Once the line holding "金荪公司联合多所高校研发出立" is found in the listing below, write it out and each later line exactly, up to and including the one holding "Erleben Sie die".
··· PROVIDED INFORMATION
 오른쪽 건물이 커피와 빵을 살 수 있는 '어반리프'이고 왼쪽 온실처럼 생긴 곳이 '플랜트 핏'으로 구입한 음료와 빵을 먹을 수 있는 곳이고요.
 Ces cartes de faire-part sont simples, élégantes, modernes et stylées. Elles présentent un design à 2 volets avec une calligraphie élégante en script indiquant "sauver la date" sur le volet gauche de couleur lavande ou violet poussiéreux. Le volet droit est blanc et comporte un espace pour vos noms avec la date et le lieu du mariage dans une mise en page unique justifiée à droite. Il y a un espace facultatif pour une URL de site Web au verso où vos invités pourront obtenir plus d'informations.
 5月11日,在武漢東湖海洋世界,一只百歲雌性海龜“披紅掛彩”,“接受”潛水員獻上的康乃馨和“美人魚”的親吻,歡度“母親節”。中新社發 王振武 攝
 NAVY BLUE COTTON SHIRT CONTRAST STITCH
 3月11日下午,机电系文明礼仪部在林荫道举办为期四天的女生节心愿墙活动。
······
··· PROVIDED INFORMATION
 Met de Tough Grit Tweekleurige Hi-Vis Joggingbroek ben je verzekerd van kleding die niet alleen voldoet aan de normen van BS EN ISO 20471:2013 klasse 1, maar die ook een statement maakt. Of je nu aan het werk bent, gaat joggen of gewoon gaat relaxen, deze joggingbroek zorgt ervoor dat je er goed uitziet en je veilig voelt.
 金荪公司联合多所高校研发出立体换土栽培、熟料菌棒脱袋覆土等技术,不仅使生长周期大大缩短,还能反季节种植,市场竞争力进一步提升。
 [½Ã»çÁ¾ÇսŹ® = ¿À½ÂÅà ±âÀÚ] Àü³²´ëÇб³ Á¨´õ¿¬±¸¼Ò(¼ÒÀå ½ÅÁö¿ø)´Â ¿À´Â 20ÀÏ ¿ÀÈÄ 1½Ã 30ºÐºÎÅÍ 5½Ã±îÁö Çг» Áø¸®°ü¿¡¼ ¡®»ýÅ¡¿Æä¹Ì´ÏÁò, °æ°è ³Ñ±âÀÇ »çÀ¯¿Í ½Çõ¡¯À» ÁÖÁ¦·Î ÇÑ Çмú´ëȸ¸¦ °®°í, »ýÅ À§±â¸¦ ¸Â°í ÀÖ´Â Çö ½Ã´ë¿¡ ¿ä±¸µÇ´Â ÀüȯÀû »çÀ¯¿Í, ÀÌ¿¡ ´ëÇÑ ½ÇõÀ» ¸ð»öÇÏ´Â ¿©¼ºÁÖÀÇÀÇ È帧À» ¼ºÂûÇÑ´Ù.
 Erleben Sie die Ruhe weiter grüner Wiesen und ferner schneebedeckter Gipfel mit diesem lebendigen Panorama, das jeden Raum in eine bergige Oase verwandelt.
······
ANSWER AREA:
 金荪公司联合多所高校研发出立体换土栽培、熟料菌棒脱袋覆土等技术,不仅使生长周期大大缩短,还能反季节种植,市场竞争力进一步提升。
 [½Ã»çÁ¾ÇսŹ® = ¿À½ÂÅà ±âÀÚ] Àü³²´ëÇб³ Á¨´õ¿¬±¸¼Ò(¼ÒÀå ½ÅÁö¿ø)´Â ¿À´Â 20ÀÏ ¿ÀÈÄ 1½Ã 30ºÐºÎÅÍ 5½Ã±îÁö Çг» Áø¸®°ü¿¡¼ ¡®»ýÅ¡¿Æä¹Ì´ÏÁò, °æ°è ³Ñ±âÀÇ »çÀ¯¿Í ½Çõ¡¯À» ÁÖÁ¦·Î ÇÑ Çмú´ëȸ¸¦ °®°í, »ýÅ À§±â¸¦ ¸Â°í ÀÖ´Â Çö ½Ã´ë¿¡ ¿ä±¸µÇ´Â ÀüȯÀû »çÀ¯¿Í, ÀÌ¿¡ ´ëÇÑ ½ÇõÀ» ¸ð»öÇÏ´Â ¿©¼ºÁÖÀÇÀÇ È帧À» ¼ºÂûÇÑ´Ù.
 Erleben Sie die Ruhe weiter grüner Wiesen und ferner schneebedeckter Gipfel mit diesem lebendigen Panorama, das jeden Raum in eine bergige Oase verwandelt.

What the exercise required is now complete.